Another Hunter, Hanzo, drifted through the crowd, sipping on his orange juice. His eyes, sharp and curious, swept over the room, on the lookout for something - anything - to break the monotony. He exchanged a few words with one Hunter, shared a nod with another, but nothing seemed to hold his interest.
His gaze finally landed on Bisky. She was engaged in a stash of papers, seemingly oblivious to the room and the people around her. Hanzo's interest piqued - he had little to no interaction with Bisky, but her reputation as a formidable fighter preceded her. 
This could be interesting.
He approached her with light, unnoticeable steps.
"Hey, Bisky, what's so interesting?" Hanzo asked with a playful tone.

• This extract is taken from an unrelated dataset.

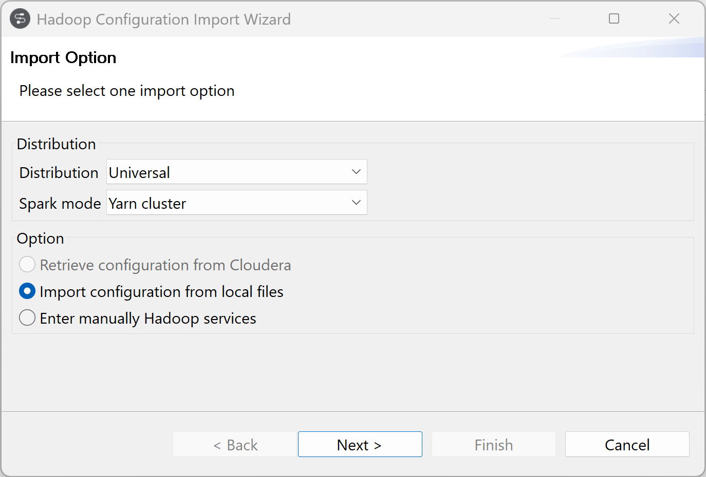 4. Select your distribution, Universal in this example, and select the Spark mode, Yarn cluster in this example.
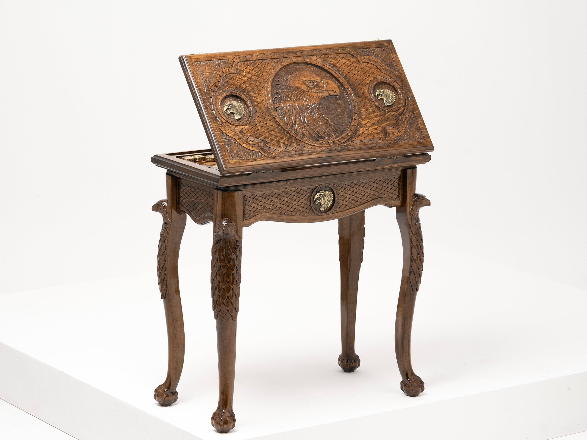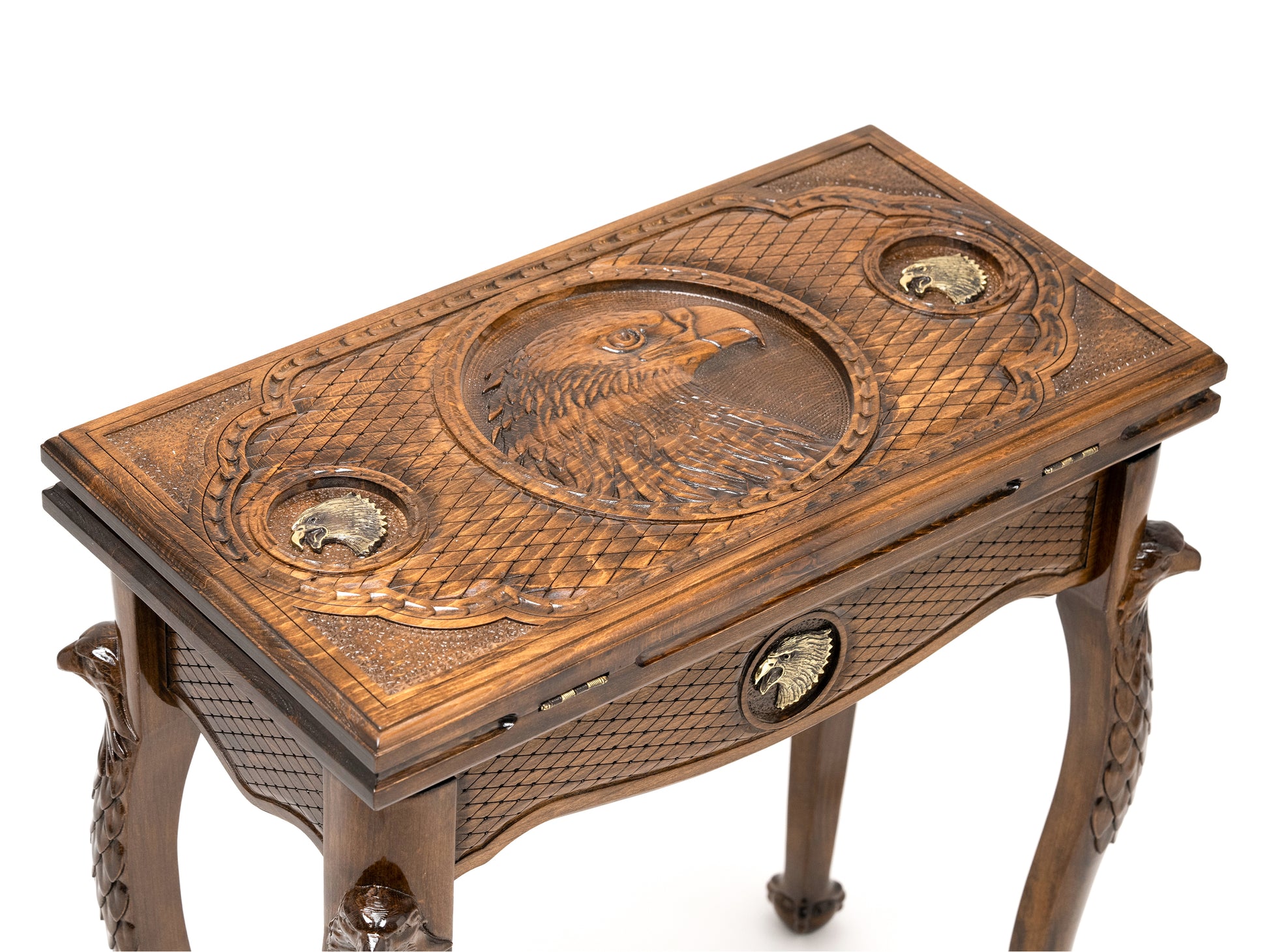 This Handcrafted Wooden Chess Table with an Engraved Eagle brings the timeless game of chess to a new level of elegance and sophistication. It's a captivating conversation starter and a functional work of art that enhances your living space while providing hours of strategic entertainment. Upgrade your chess experience and make a statement in your home with this exceptional piece. Order yours today!

Bisky jolted, her hands trying to cover the papers in front of her. Her eyes had a flicker of panic when they met Hanzo's. 
"It's nothing, just... just some notes," she stammered.
Before Bisky could react, he leaned in and snatched the papers from under her hands. "Let's see what's got Biscuit Krueger so wrapped up!"
"Give those back!" Bisky said, making a grab for the papers.
With a grin, Hanzo kept the papers just beyond her reach. Bisky made several attempts to retrieve them, but Hanzo easily avoided her, amused by the effort.
It was only then he took in the papers' contents. The names 'Hisoka' and 'Illumi' appeared in a context that was decidedly not for the faint of heart, making his eyes widen. As his brain processed the explicit nature of the story, he spluttered, sending a spray of juice into the air.
"This is what you double-star Hunters do for fun?" Hanzo choked out, trying to regain his composure. 
Despite his initial shock, Hanzo found himself unable to stop reading, his curiosity too strong. His eyes widened further with each line, a blush creeping onto his cheeks. He turned the page only to find something even more attention grabbing. 
Bisky’s illustration.
In the drawing, Illumi sat in Hisoka's lap, with Hisoka's hands wrapped possessively around him. Their partially unbuttoned clothes left just enough to the imagination: Hisoka's loose shirt revealed his muscular chest and a glimpse of his abs, while Illumi's lean yet firm torso was artfully exposed.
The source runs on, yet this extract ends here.